[Stored entries]
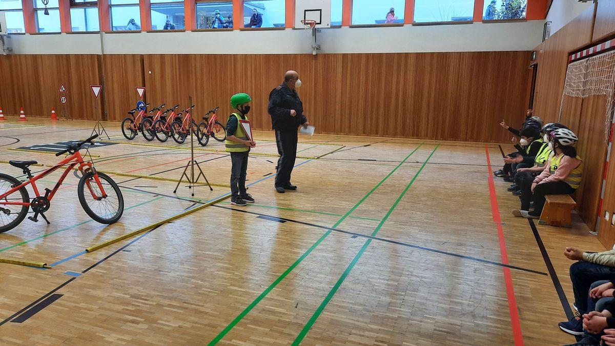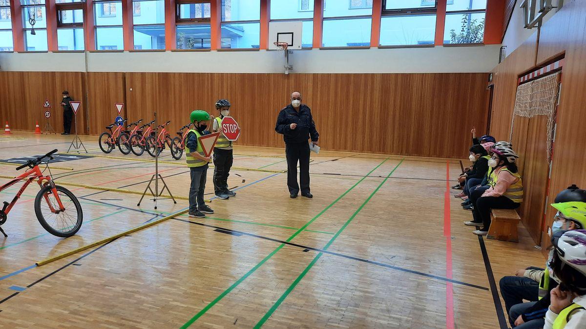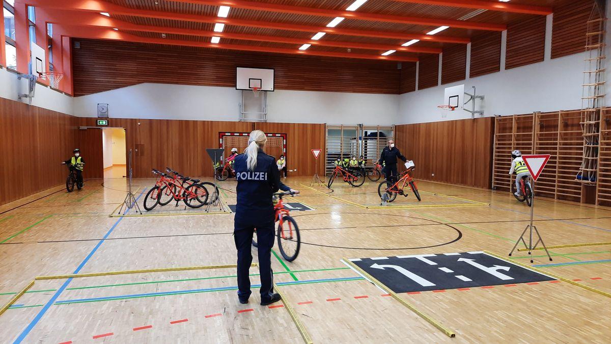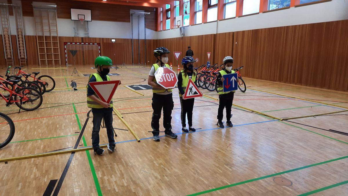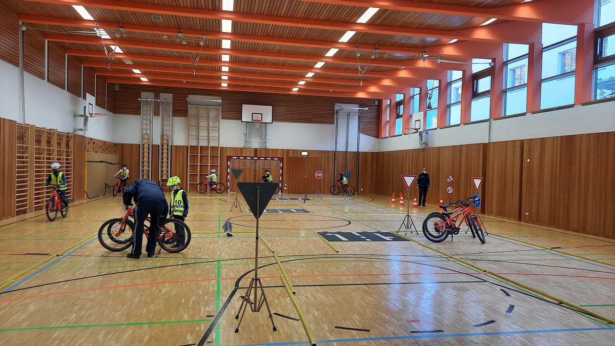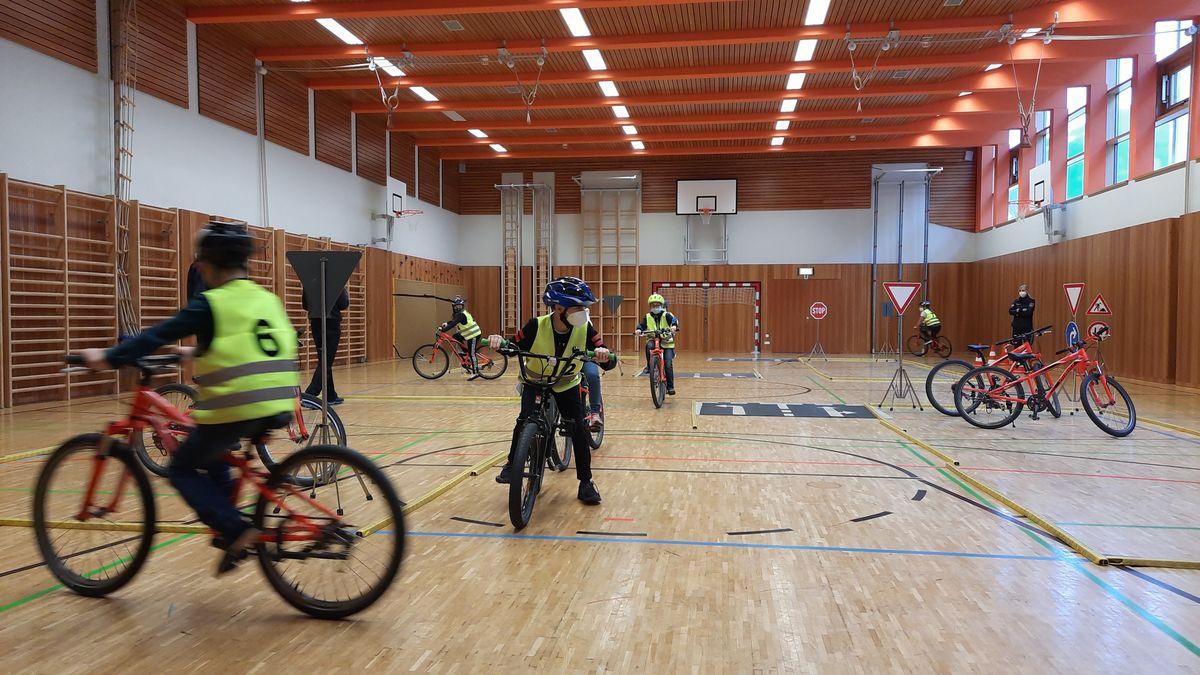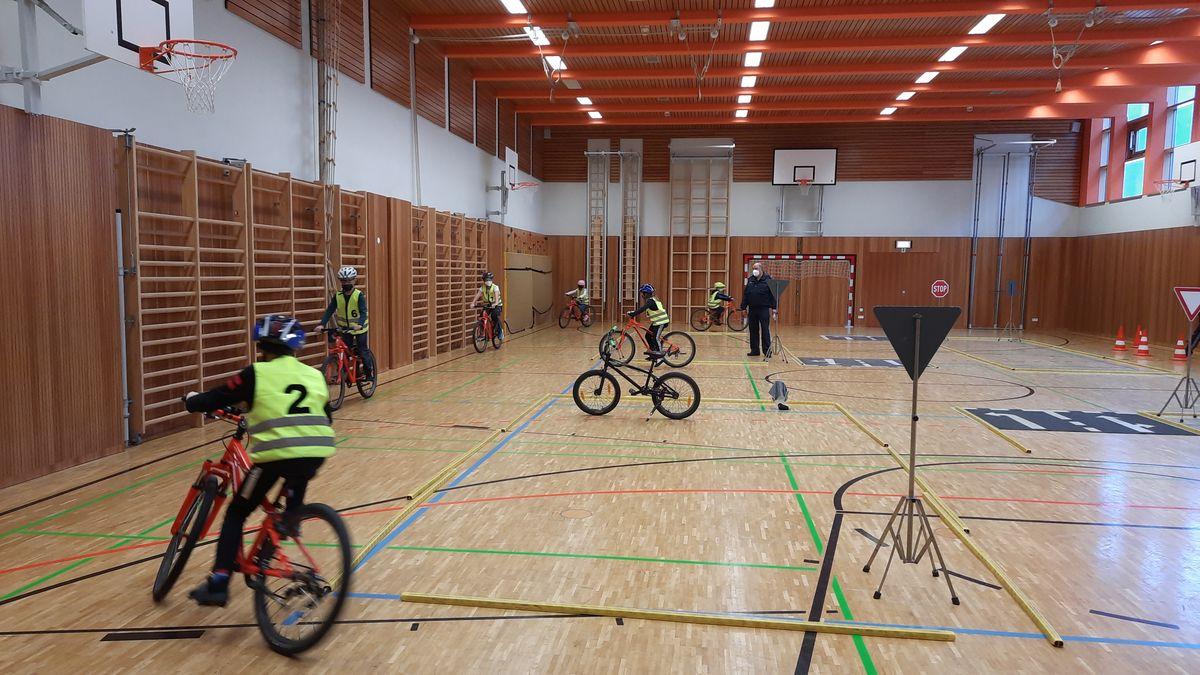 Am Mittwoch, den 24. November fand - heuer unter besonderen Bedingungen - die erste Übungseinheit zur Radfahrprüfung statt. Im Turnsaal der Volksschule Bruggen konnten die Kinder nach einer kurzen Einführung durch die Polizei ihre Übungsrunden drehen. Dabei konnten sie das Einordnen mit Handzeichen, die Begegnungsregel oder das richtige Abbiegen üben.
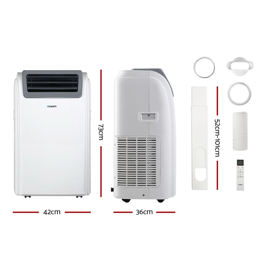 Hot days are not too far away. So why not pick up our Devanti Portable Air Conditioner to help you stay cool comfortably and economically throughout the season. The air conditioner is three appliances rolled into one: air conditioner, 4-speed fan and dehumidifier. There is also an additional automatic water vaporisation system so that you do not need to empty the water tank. The air conditioner rapidly delivers super cool breezes throughout rooms sized 20m² to 30m². In whichever mode you are using, you can always count on ample cool air at your preferred temperature settings. The LED display allows for a clear glance of all your settings. A handy remote control lets you control the settings from the comfort of your lounge, while the Wi-Fi connectivity truly lets you take control from anywhere. The air conditioner can also be set to work for a pre-set number of hours with its 24-hour timer. Built-in handles and castor wheels make the air conditioner very portable so that you can keep cool wherever you are. An included adjustable window exhaust kit enables easy installation of the exhaust hose for hot air to be extracted easily. Do not let the heat and wet get you down this summer. Rise up to a cool and refreshing ambience with our portable air conditioner.
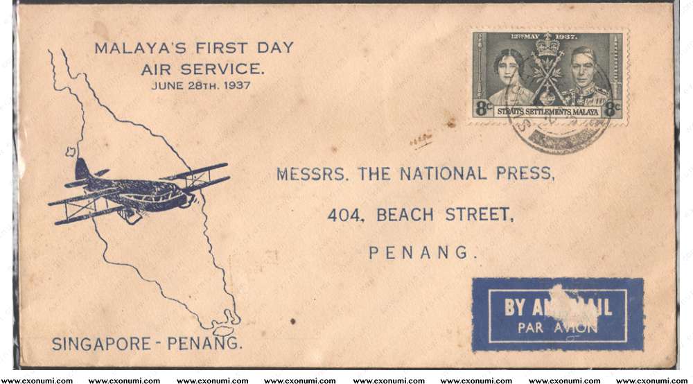 Malaya - Inaugural Air Services 1937 (First Flight Cover) Wearne's Air Services from Singapore to Penang
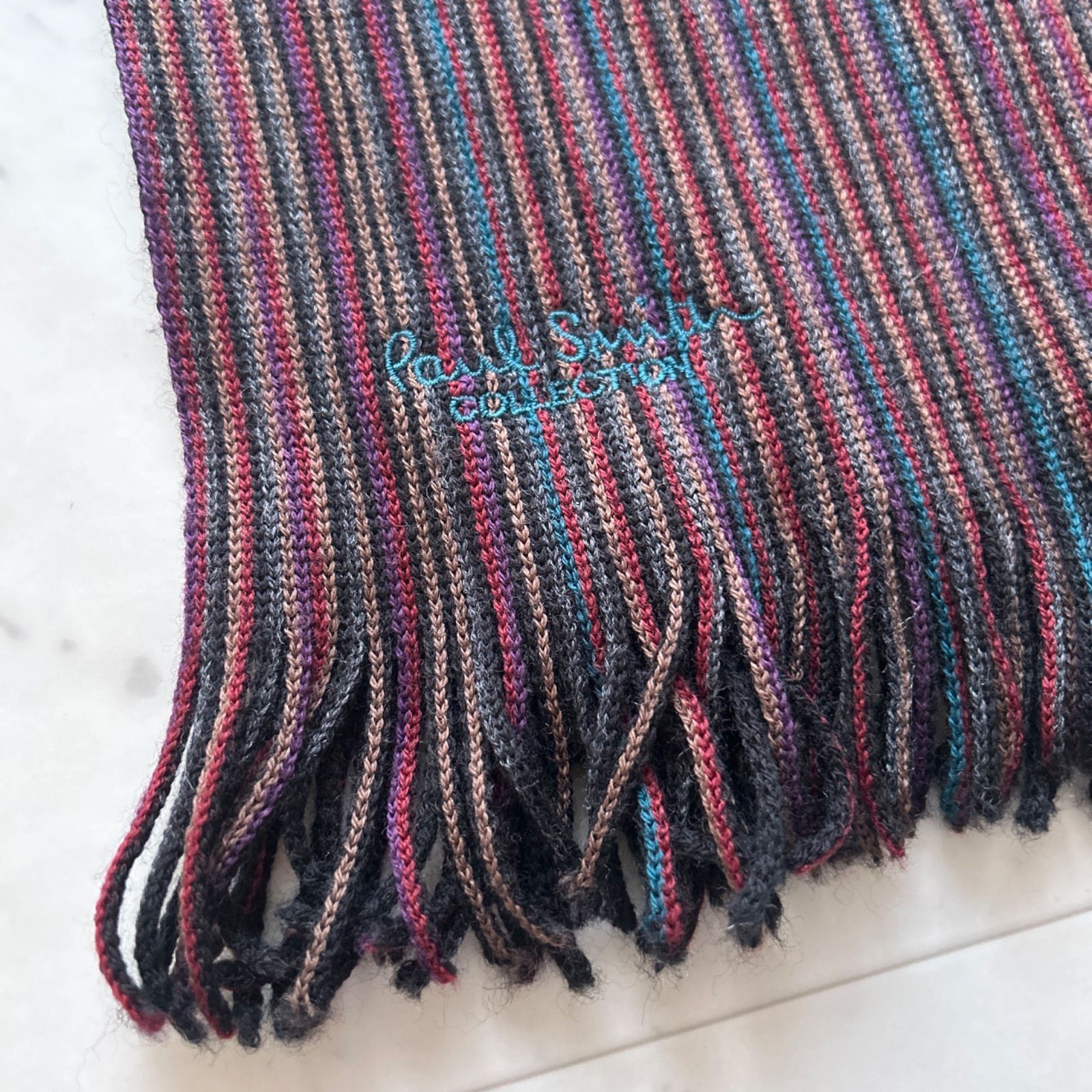 Paul Smith ポールスミス マルチカラー マフラー 保存袋付き 美品 ウール100 フリンジ付き ドイツ製 メンズ レディース
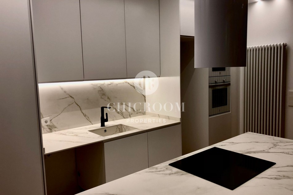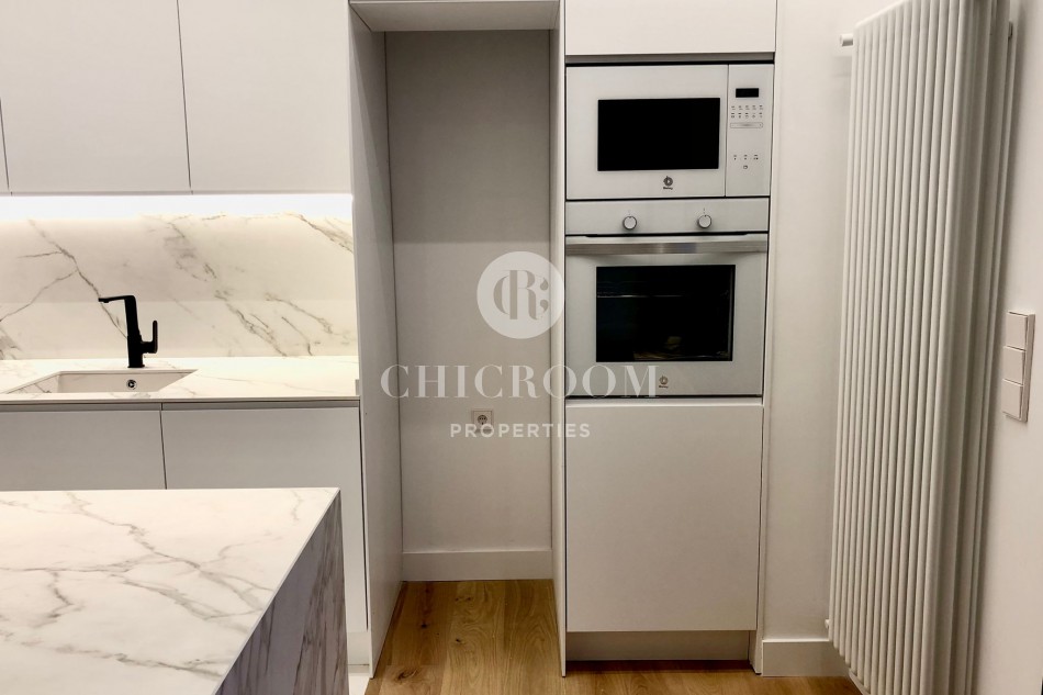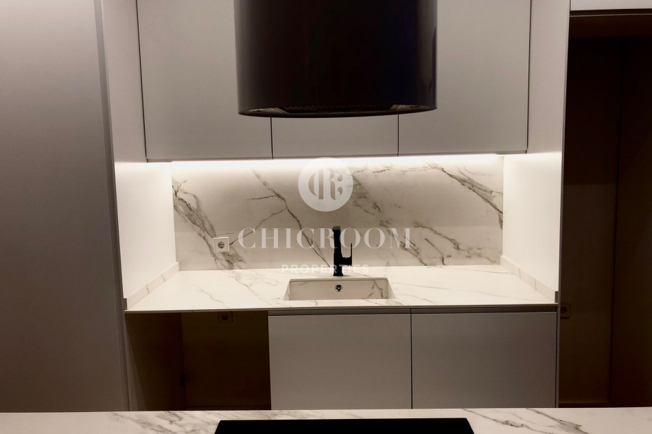 Soggiorno con cucina aperta attrezzata con elettrodomestici di marca premium e con accesso diretto a un'impressionante terrazza di oltre 150 m2, il desiderio di ogni inquilino sono questi momenti, ideali per riunioni di famiglia e godersi la calda estate a Barcellona.
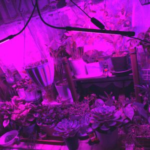 長雨が続き…… 大切な七福神様も室内に避難⚠️ 観葉植物さん達とご一緒に昔買った育成ライト‼️付けて見ました🤣 部屋中真っピンク💦💦 そしたら息子に外から見たら怪しい部屋に見えるから辞めて!と怒られました。😅😅 そりゃそーですね、すいません💦
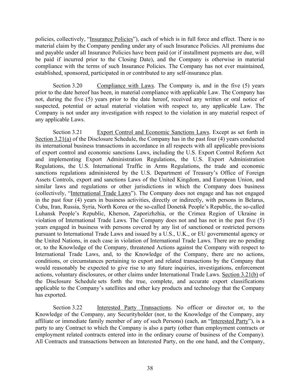 38 policies, collectively, “Insurance Policies”), each of which is in full force and effect. There is no material claim by the Company pending under any of such Insurance Policies. All premiums due and payable under all Insurance Policies have been paid (or if installment payments are due, will be paid if incurred prior to the Closing Date), and the Company is otherwise in material compliance with the terms of such Insurance Policies. The Company has not ever maintained, established, sponsored, participated in or contributed to any self-insurance plan. Section 3.20 Compliance with Laws. The Company is, and in the five (5) years prior to the date hereof has been, in material compliance with applicable Law. The Company has not, during the five (5) years prior to the date hereof, received any written or oral notice of suspected, potential or actual material violation with respect to, any applicable Law. The Company is not under any investigation with respect to the violation in any material respect of any applicable Laws. Section 3.21 Export Control and Economic Sanctions Laws. Except as set forth in Section 3.21(a) of the Disclosure Schedule, the Company has in the past four (4) years conducted its international business transactions in accordance in all respects with all applicable provisions of export control and economic sanctions Laws, including the U.S. Export Control Reform Act and implementing Export Administration Regulations, the U.S. Export Administration Regulations, the U.S. International Traffic in Arms Regulations, the trade and economic sanctions regulations administered by the U.S. Department of Treasury’s Office of Foreign Assets Controls, export and sanctions Laws of the United Kingdom, and European Union, and similar laws and regulations or other jurisdictions in which the Company does business (collectively, “International Trade Laws”). The Company does not engage and has not engaged in the past four (4) years in business activities, directly or indirectly, with persons in Belarus, Cuba, Iran, Russia, Syria, North Korea or the so-called Donetsk People’s Republic, the so-called Luhansk People’s Republic, Kherson, Zaporizhzhia, or the Crimea Region of Ukraine in violation of International Trade Laws. The Company does not and has not in the past five (5) years engaged in business with persons covered by any list of sanctioned or restricted persons pursuant to International Trade Laws and issued by a U.S., U.K., or EU governmental agency or the United Nations, in each case in violation of International Trade Laws. There are no pending or, to the Knowledge of the Company, threatened Actions against the Company with respect to International Trade Laws, and, to the Knowledge of the Company, there are no actions, conditions, or circumstances pertaining to export and related transactions by the Company that would reasonably be expected to give rise to any future inquiries, investigations, enforcement actions, voluntary disclosures, or other claims under International Trade Laws. Section 3.21(b) of the Disclosure Schedule sets forth the true, complete, and accurate export classifications applicable to the Company’s satellites and other key products and technology that the Company has exported. Section 3.22 Interested Party Transactions. No officer or director or, to the Knowledge of the Company, any Securityholder (nor, to the Knowledge of the Company, any affiliate or immediate family member of any of such Persons) (each, an “Interested Party”), is a party to any Contract to which the Company is also a party (other than employment contracts or employment related contracts entered into in the ordinary course of business of the Company). All Contracts and transactions between an Interested Party, on the one hand, and the Company,

## WHAT YOU HAVE TO DO
In the records above, find the line with "Paul Smith ポールスミス" and the line with "長雨が続き…… 大切な七福神様も室内に避難⚠️ 観葉植物さん達とご一緒に昔買った育成ライト‼️付けて見ました🤣". Write out exactly those lines and every one between, with no pictures and no other lines.

## TASK ANSWER
 Paul Smith ポールスミス マルチカラー マフラー 保存袋付き 美品 ウール100 フリンジ付き ドイツ製 メンズ レディース
 Soggiorno con cucina aperta attrezzata con elettrodomestici di marca premium e con accesso diretto a un'impressionante terrazza di oltre 150 m2, il desiderio di ogni inquilino sono questi momenti, ideali per riunioni di famiglia e godersi la calda estate a Barcellona.
 長雨が続き…… 大切な七福神様も室内に避難⚠️ 観葉植物さん達とご一緒に昔買った育成ライト‼️付けて見ました🤣 部屋中真っピンク💦💦 そしたら息子に外から見たら怪しい部屋に見えるから辞めて!と怒られました。😅😅 そりゃそーですね、すいません💦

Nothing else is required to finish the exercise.